Monday, October 7, 2013


Scout Hall
Post #1


Synesthesia is a condition in which one sense (for example, hearing) is simultaneously perceived with one or more additional sense such as sight. Another form of synesthesia joins objects such as letters, shapes, numbers or people's names with a sensory perception such as smell, color or flavor. The word synesthesia comes from two Greek words, syn (together) and aisthesis (perception). Therefore, synesthesia literally means "joined perception."
Synesthesia can involve any of the senses. The most common form, colored letters and numbers, occurs when someone always sees a certain color in response to a certain letter of the alphabet or number. For example, a synesthete (a person with synesthesia) might see the word "plane" as green or the number 4 as brown. There are also synesthetes who hear sounds in response to smell, who smell in response to touch, or who feel something in response to sight. Just about any combination of the senses is possible. There are some people who possess synesthesia involving three or even more senses, but this is extremely rare.
Synesthetic perceptions are specific to each person. Different people with synesthesia almost always disagree on their perceptions. In other words, if one synesthete thinks that the letter "q" is colored blue, another synesthete might see "q" as orange.

Synesthetic perceptions are:
- Involuntary: synesthetes do not actively think about their perceptions; they just happen.
- Projected: rather than experiencing something in the "mind's eye," as might happen when you are asked to imagine a color, a synesthete often actually sees a color projected outside of the body.
- Durable and generic: the perception must be the same every time; for example, if you taste chocolate when you hear Beethoven's Violin Concerto, you must always taste chocolate when you hear it; also, the perception must be generic -- that is, you may see colors or lines or shapes in response to a certain smell, but you would not see something complex such as a room with people and furniture and pictures on the wall.
- Memorable: often, the secondary synesthetic perception is remembered better than the primary perception; for example, a synesthete who always associates the color purple with the name "Laura" will often remember that a woman's name is purple rather than actually remembering "Laura."
- Emotional: the perceptions may cause emotional reactions such as pleasurable feelings.

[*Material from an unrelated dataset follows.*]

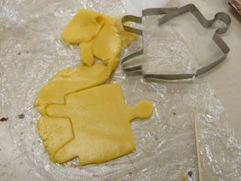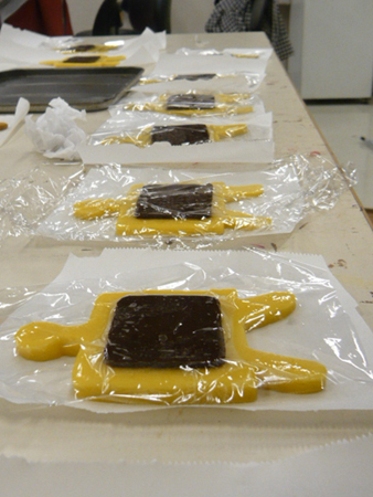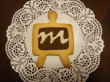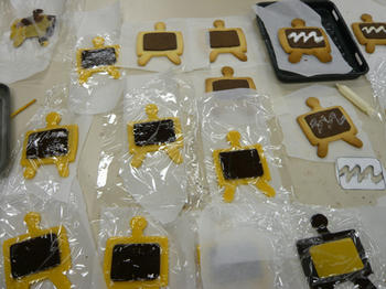 3年生で集まり、メディア造形でおなじみメディア君型クッキーを焼きました。

Estimates for the number of people with synesthesia range from 1 in 200 to 1 in 100,000. There are probably many people who have the condition but do not realize what it is.
Synesthetes tend to be:
- Women: in the U.S., studies show that three times as many women as men have synesthesia; in the U.K., eight times as many women have been reported to have it. The reason for this difference is not known.
- Left-handed: synesthetes are more likely to be left-handed than the general population.
-Neurologically normal: synesthetes are of normal (or possibly above average) intelligence, and standard neurological exams are normal.
- In the same family: synesthesia appears to be inherited in some fashion; it seems to be a dominant trait and it may be on the X-chromosome.